Mixed signals are a series of inconsistent messages. Their most popular place of residence is within new or forming relationships.

Mixed signals are often seen a few weeks or months into dating someone new, whether you’re dating exclusively or not. These inconsistent messages creep onto the scene and soon take over. The comfort and excitement you felt when you first met the girl are suddenly transformed into anxiety, confusion, and even panic. What happened?

We’ll get into the why soon, but first, let’s break down what kinds of mixed signals are out there.

Hot and Cold

The #1 mixed signal across the board and the world is being hot and cold. One day this girl seems to be totally into you. You’re flirting, she can’t get enough, she’s even calling you out of the blue because she misses you. Then – BAM – radio silence. She’s gone hot and cold.

This mixed signal is cyclical. Her conversation wanes and she barely acknowledges your attempts to rekindle things; maybe she even ignores your texts altogether. Then you happen to see her at a social event or bump into her on the street. She seems overly excited to see you, ecstatic even. BAM – back to hot.

Hot and cold changes include:

  • Texting a ton one day/week to barely the next
  • Flirting and being physical to staying an arm’s length away
  • Making multiple plans with you then suddenly canceling them all

Disappear and Reappear

The initial disappear mixed signal is known as ghosting. Things seem fine, you and this girl are vibing, and you’re talking often. Suddenly she goes MIA. Not light MIA either; she straight-up disappears on you with no word or warning.

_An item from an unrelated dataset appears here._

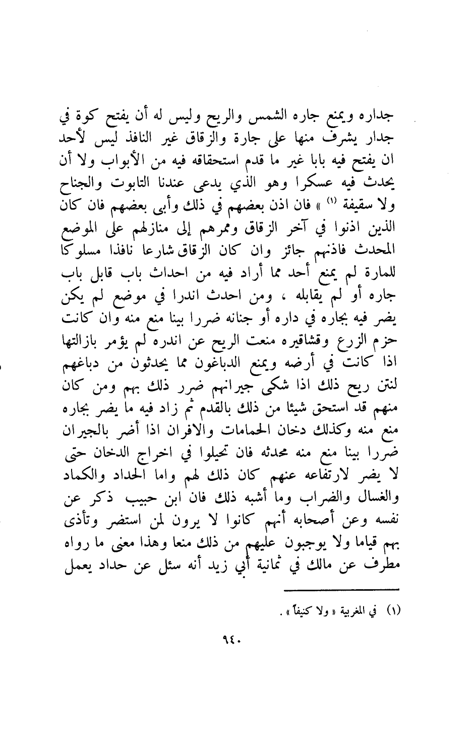 جداره ويمنع جاره الشمس والريح وليس له أن يفتح كوة في جدار يشرف منها على جاره والزقاق غير النافذ ليس لأحد أن يفتح فيه بابا غير ما قدم استحقاقه فيه من الابواب ولا أن يحدث فيه عسكرا وهو الذي يدعي عندنا التابوت والجناح ولا سقيفه فإن اذن بعضهم في ذلك وأبى بعضهم فإن كان الذين اذنوا في اخر الزقاق وممرهم الى منازلهم على الموضع المحدث فإذنهم جائز وان كان الزقاق شارعا نافذ مسلوكا للمارة لم يمنع أحد مما أراد فيه من احداث باب قابل باب جاره أو لم يقابله ومن احدث اندرا في موضع لم يكن يضر فيه بجاره في داره أو جنانه ضررا بينا منع منه وان كانت حزم الزرع وقشاقيره منعت الريح عن اندره لم يؤمر بازالتها إذا كانت في ارضه ويمنع الدباغون مما يحدثون من دباغهم لنتن ريح ذلك إذا شكى جيرانهم ضرر ذلك بهم ومن كان منهم قد استحق شيئا من ذلك بالقدم ثم زاد فيه ما يضر بجاره منع منه وكذلك دخان الحمامات والافران اذا أضر بالجيران ضررا بينا منع منه محدثه فإن تحيلوا في اخراج الدخان حتى لا يضر لارتفاعه عنهم كان ذلك لهم واما الحداد والكماد والعسال والضراب وما اشبه ذلك فإن ابن حبيب ذكر عن نفسه وعن اصحابه انهم كانوا لا يرون لمن استضر وتأذى بهم قياما ولا يوجبون عليهم من ذلك منعا وهذا معنى رواه مطرف عن مالك في ثمانية ابي زيد أنه سئل عن حداد يعمل

You’re a confident guy, and you want to shoot your shot with this girl. So, you try and try until your pride is on the line so you finally give up, telling yourself you aren’t going to reach out anymore. Ironically, lo and behold, your phone dings; speak of the devil. Cue the reappear.

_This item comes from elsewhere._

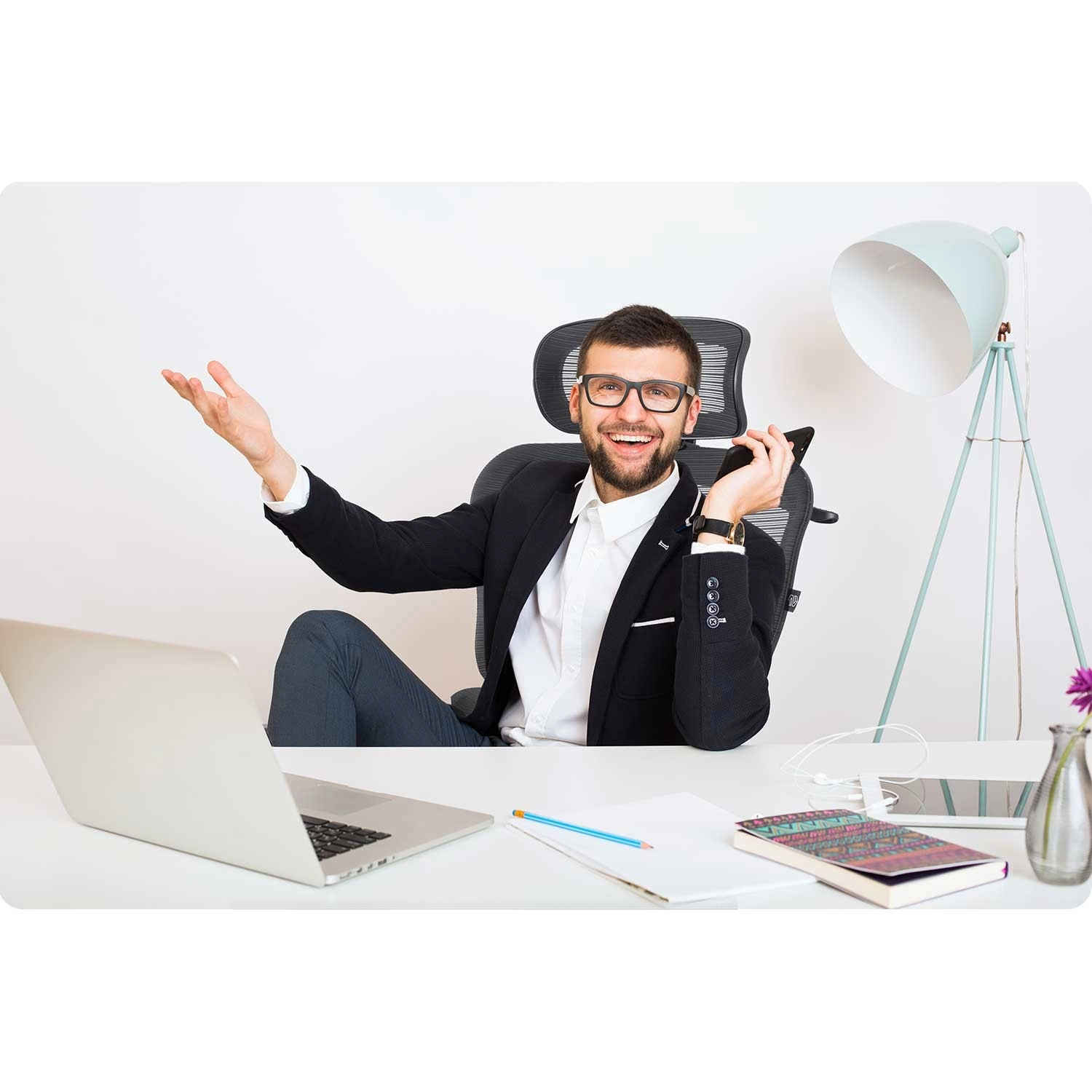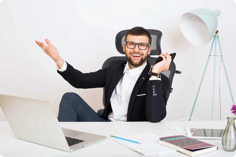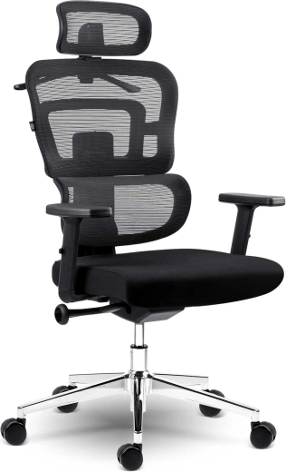 Chromovaná pětiramenná základna je odolná proti poškrábání a spolu s dvojitými nylonovými kolečky zajišťuje stabilitu a tichý pohyb bez poškození podlahy. Nastavitelné područky a měkké, husté polstrování sedáku zvyšují komfort při dlouhém sezení. Praktický věšák na opěradle udrží sako vždy po ruce a ve formě.

The disappear and reappear mixed signal could go on eternally. Plenty of us have seen it happen for years between two people who continuously hook up just to lose touch and then come back together again weeks or months later.

The only sign of the disappear and reappear is in the name.

Taking Words Back

Another mixed signal is the woman who always goes against her word. One day she tells you she loves you, but the next day she says it was a mistake. Or, contrarily, she’s screaming her head off that you’re the worst, but the next day she makes puppy eyes at you and says she wasn’t serious.

Taking words back is a dangerous game because it leaves your head spinning and doubting everything you’ve heard. If we can’t trust what people say, how are we to trust people? This mixed signal is enough to make anyone’s mind a rollercoaster.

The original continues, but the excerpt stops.